/CyberOnto

Cybersecurity Ontology (CyberOnto) and Situational Awareness (CyberSA) help teamwork in Cyber Incident Responses, Control, Containment, and Countermeasures (CIRC3). We integrate Artificial Intelligence (AI) and Knowledge Graph (KG) tech. to automate CyberSA capabilities.

CyberOnto and CyberSA

Cybersecurity Ontology (CyberOnto) and Situational Awareness (CyberSA) help teamwork in Cyber Incident Responses, Control, Containment, and Countermeasures (CIRC3). We integrate Artificial Intelligence (AI) and Knowledge Graph (KG) technologies to automate CyberSA capabilities.

Definitions

CyberSA has become a reliable practice to optimize CyberOps (Onwubiko, 2020). It helps define the frameworks for complex team-based tasks of "gathering information, perceiving and understanding the state of the world, and predicting states of the world forward in time." (Gutzwiller et al., 2020).

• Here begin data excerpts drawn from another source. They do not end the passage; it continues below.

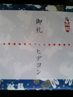 平成19年お正月「あけまして おめでとう ございます。 本年もよろしく おねがいいたします。」 みなさんはどのようなお正月を迎えましたか?我が家はなんて穏やかな???(な~んにもしない。とも言う)お正月でした。元旦は午前零時からの初詣に近所の神社へ。そしてお守りを買い甘酒をもらい・・・3つ買ったお守りのサービス(というのか?)娘に「おみくじ」をタダでさせてもらって・・・うらやましそうに見えたのか「お母さんもよかったらドーゾ」と私もやらせてもらいました。去年「凶」だった娘は「小吉」へ昇格。(でも、凶の割には全く悪い事の無かった娘。)去年「大吉」だった私は「吉」へ格下げ。(でも、大吉の割にはよくないこと続きだった私。)まあ、人生コレくらいがいいのさ。(ましてタダのおみくじだし)と娘と自分に言い聞かせて帰宅しました。お正月3が日は初売りに行ったり人生ゲームで盛り上がったり。。。ゆっくりと過ごしました。 ♪ ♪ ♪ ♪ ♪ ♪ ♪ ♪ ♪ ♪ ♪ ♪ ♪ ♪ ♪ ♪ ♪ ♪ ♪ ♪年末は31日に大掃除でしたが、疲れてお腹もすいた頃「ピンポ~ン」(やっぱり、もんじ大騒ぎ)な、な~んと!Hideyonさんから先日の「おえかき うさぎ館」<ドッキリ賞>のお礼にと「月乃ぴょん屋」さんのお菓子を送っていただきました。前から気になっていたお店だったのでとっても嬉しかったです♪大掃除で疲れていた時に甘いお菓子を贈っていただいて、なんてナイスなタイミング!さすがHideyonさん(その日の夜11時頃から巫女さんに変身されてそうな。)!とってもおいしく頂いちゃいました~どうもありがとうございました~♪今年はどんな年になるのか・・・ またきっとびっくりするくらい早く過ぎてしまうかもしれないけど うさ飼いさんの皆さんとも楽しい思い出をつくれたらな~と思っています。 そして、この方からも・・・ これからもよろしくおねがいしま~す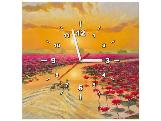 Úvod » Obrazy » Obrazy s hodinami » Moderný obraz s hodinami Kačky v ľaliách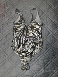 Vendo costume intero da donna color argento metallizzato, dal design moderno e brillante.

As per this recent study "research and our additional professional field observations in government, industry, and academia suggest that the utility of SA analysis and measurement has yet to be realized in cyberspace".

Objectives

This research project, linked to a new product development initiative, aims to build a CyberSA measurement method that could help cybersecurity response teams cope with complexity of fast-paced attacks-defense scenarios.

To build this measurement method, we will use an existing cybersecurity ontology, serving as the source of best practices in our Artificial Intelligence (AI) architecture. Cyber Ontologies have been demonstrated to offer reliable CyberOps automation (Syed, 2020; Alenezi, et al., 2020).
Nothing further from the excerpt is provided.